ABOUT THIS EXERCISE = Using the records below, write out only the lines from the line containing "Tout cela attire" up to and including the line containing "Discover the refined", exactly, with no pictures.

TASK INPUTS Block Start

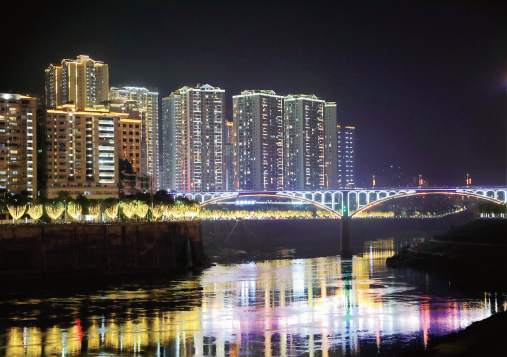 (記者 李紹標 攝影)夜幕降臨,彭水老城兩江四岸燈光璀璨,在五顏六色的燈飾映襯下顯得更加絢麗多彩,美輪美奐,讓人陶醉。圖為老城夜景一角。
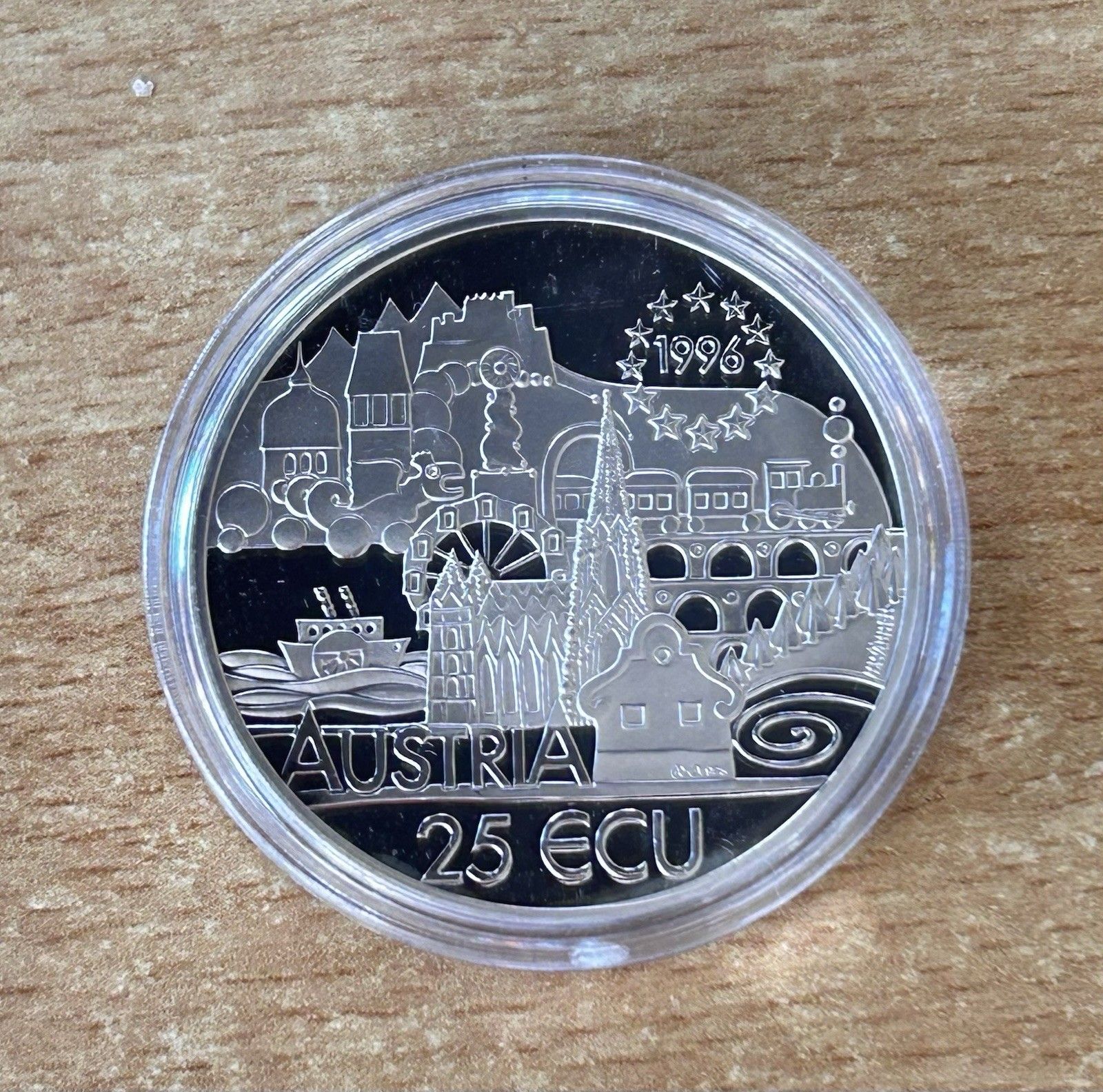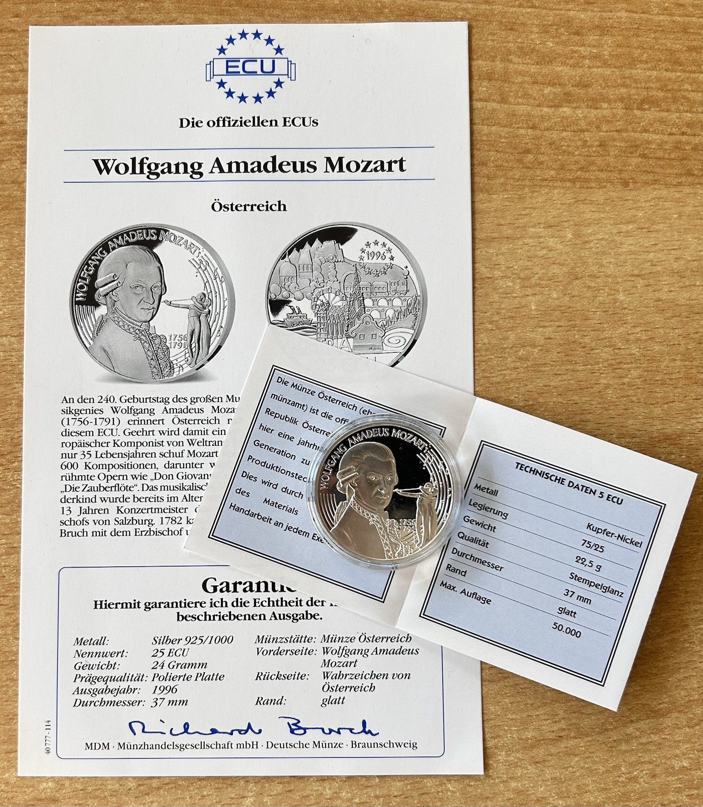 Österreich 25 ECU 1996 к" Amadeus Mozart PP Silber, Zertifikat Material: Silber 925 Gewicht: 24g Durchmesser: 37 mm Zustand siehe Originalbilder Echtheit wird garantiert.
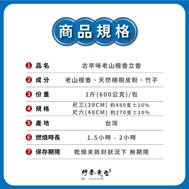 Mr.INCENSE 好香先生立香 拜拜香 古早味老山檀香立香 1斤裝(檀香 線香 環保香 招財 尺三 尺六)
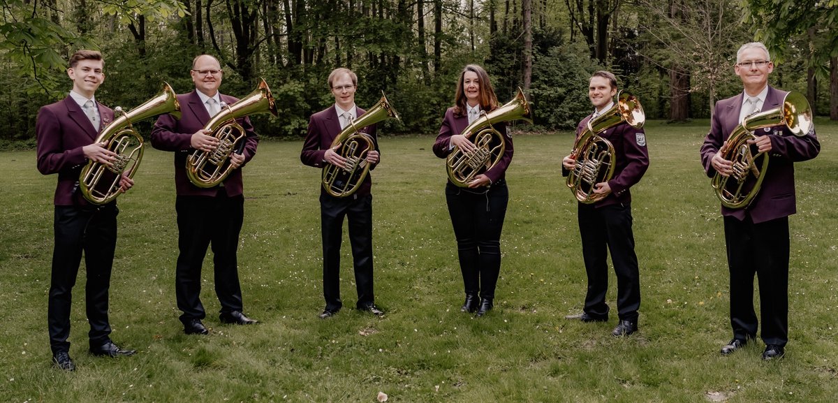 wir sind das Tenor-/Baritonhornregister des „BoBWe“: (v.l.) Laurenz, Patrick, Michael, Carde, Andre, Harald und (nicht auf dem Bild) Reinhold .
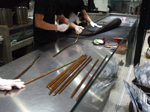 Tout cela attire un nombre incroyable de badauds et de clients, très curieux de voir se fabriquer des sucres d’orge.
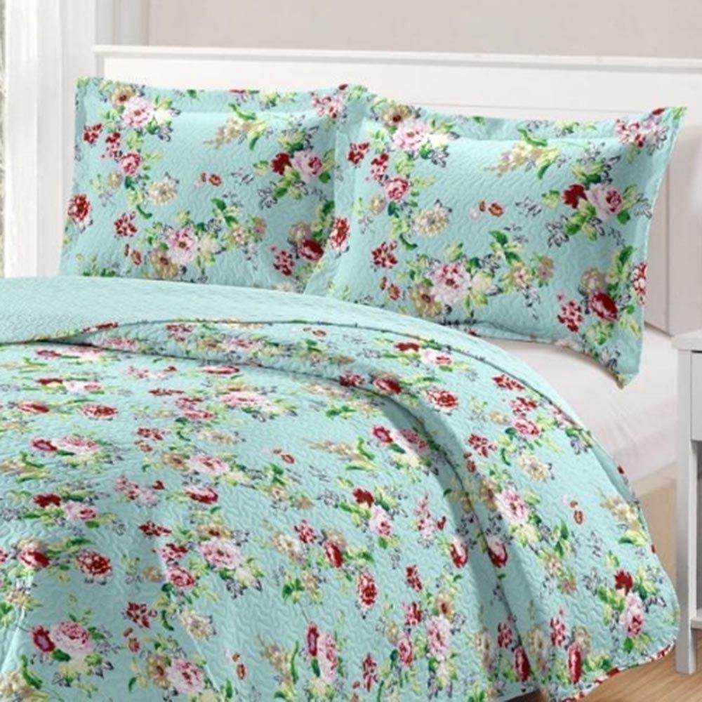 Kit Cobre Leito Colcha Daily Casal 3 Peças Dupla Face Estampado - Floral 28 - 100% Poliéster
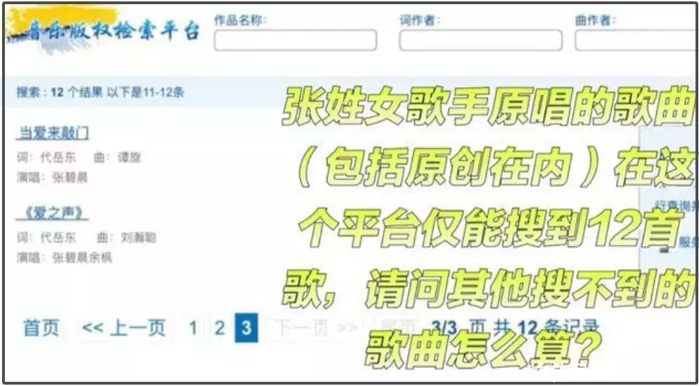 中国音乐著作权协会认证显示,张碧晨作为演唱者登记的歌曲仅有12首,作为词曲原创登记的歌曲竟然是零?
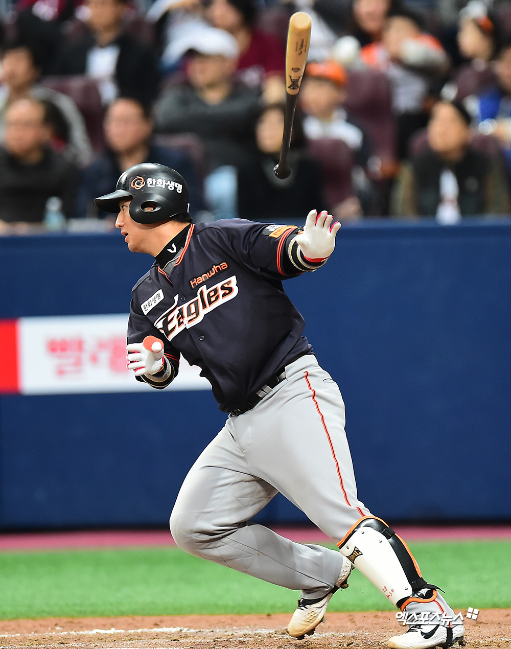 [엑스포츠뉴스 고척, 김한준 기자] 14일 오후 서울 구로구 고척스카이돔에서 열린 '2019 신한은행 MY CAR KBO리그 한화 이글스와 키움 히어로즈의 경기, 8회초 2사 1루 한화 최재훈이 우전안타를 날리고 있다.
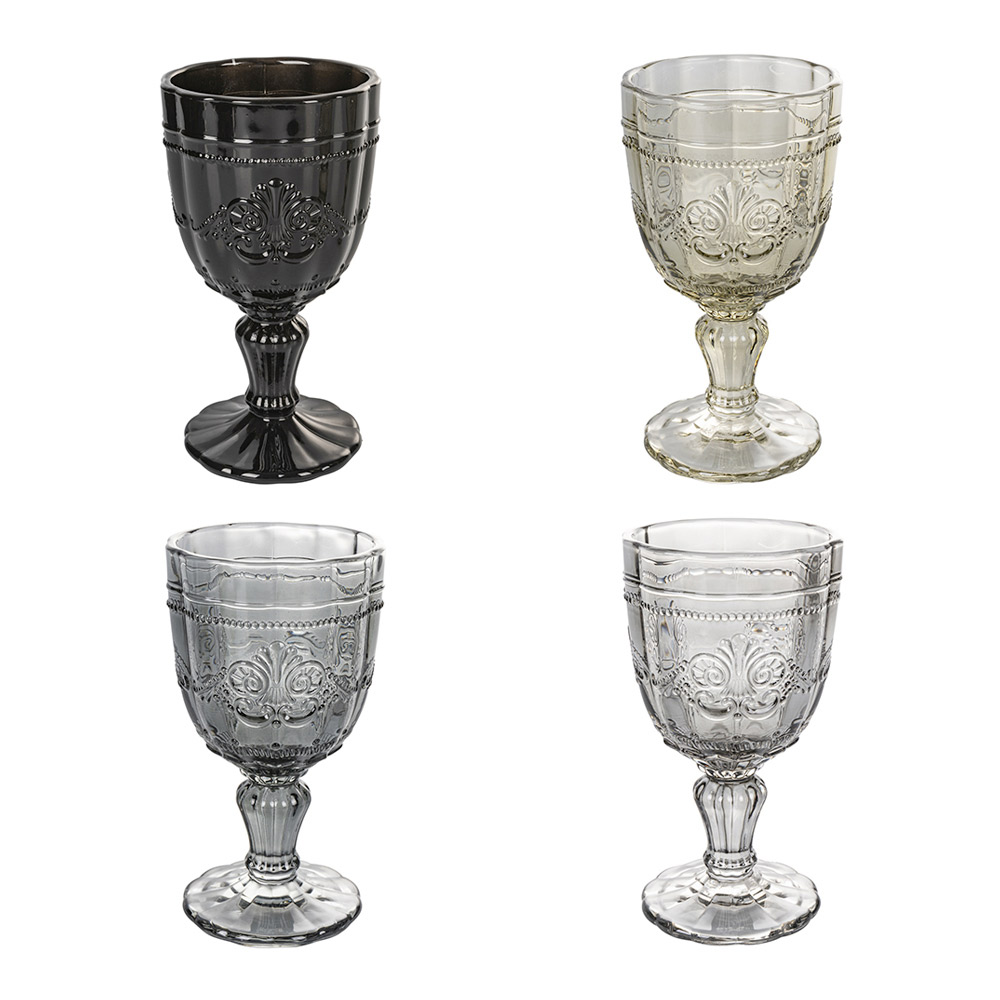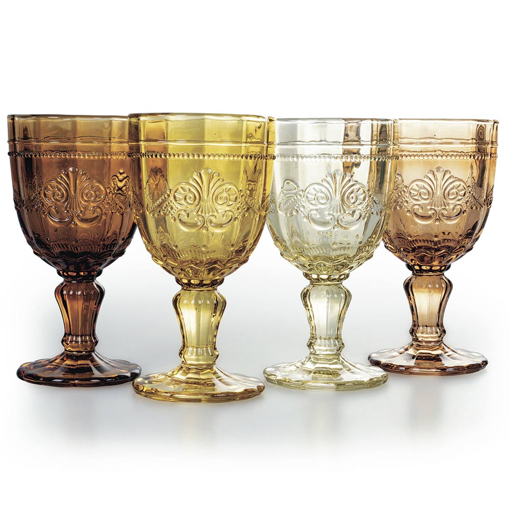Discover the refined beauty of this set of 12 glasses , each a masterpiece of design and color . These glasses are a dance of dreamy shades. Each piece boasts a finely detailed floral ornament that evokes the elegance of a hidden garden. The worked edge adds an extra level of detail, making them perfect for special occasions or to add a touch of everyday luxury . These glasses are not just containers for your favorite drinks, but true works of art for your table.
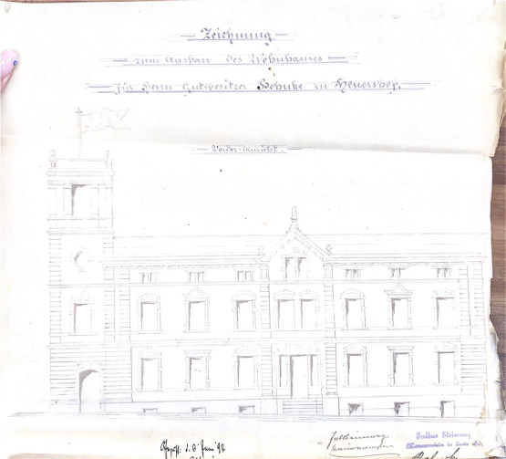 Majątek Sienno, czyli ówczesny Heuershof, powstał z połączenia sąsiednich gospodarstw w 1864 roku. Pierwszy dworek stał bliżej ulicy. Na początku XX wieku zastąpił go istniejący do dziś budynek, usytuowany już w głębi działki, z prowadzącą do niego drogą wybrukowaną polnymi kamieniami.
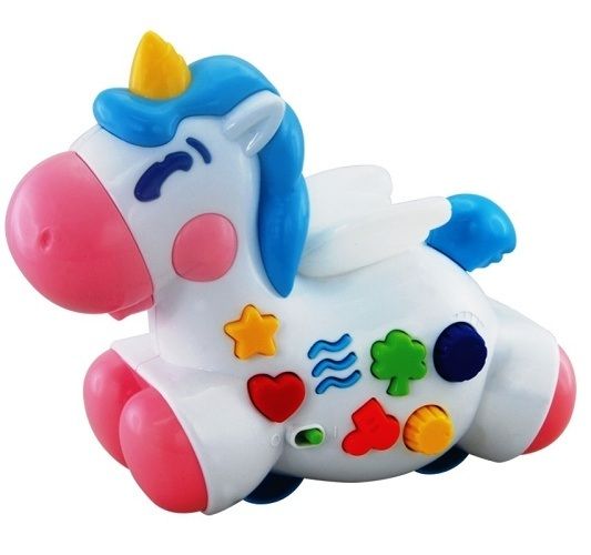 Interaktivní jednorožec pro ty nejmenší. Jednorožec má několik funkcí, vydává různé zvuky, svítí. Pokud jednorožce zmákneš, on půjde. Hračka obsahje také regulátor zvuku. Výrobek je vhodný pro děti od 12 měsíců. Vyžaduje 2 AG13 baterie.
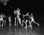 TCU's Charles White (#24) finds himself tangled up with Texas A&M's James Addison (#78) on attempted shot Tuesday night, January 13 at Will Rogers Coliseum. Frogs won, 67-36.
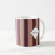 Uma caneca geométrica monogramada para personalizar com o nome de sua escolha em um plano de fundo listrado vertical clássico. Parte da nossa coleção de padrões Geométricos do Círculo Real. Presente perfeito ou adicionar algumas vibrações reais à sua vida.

TASK INPUTS Block End

ANSWER BOX =
 Tout cela attire un nombre incroyable de badauds et de clients, très curieux de voir se fabriquer des sucres d’orge.
 Kit Cobre Leito Colcha Daily Casal 3 Peças Dupla Face Estampado - Floral 28 - 100% Poliéster
 中国音乐著作权协会认证显示,张碧晨作为演唱者登记的歌曲仅有12首,作为词曲原创登记的歌曲竟然是零?
 [엑스포츠뉴스 고척, 김한준 기자] 14일 오후 서울 구로구 고척스카이돔에서 열린 '2019 신한은행 MY CAR KBO리그 한화 이글스와 키움 히어로즈의 경기, 8회초 2사 1루 한화 최재훈이 우전안타를 날리고 있다.
Discover the refined beauty of this set of 12 glasses , each a masterpiece of design and color . These glasses are a dance of dreamy shades. Each piece boasts a finely detailed floral ornament that evokes the elegance of a hidden garden. The worked edge adds an extra level of detail, making them perfect for special occasions or to add a touch of everyday luxury . These glasses are not just containers for your favorite drinks, but true works of art for your table.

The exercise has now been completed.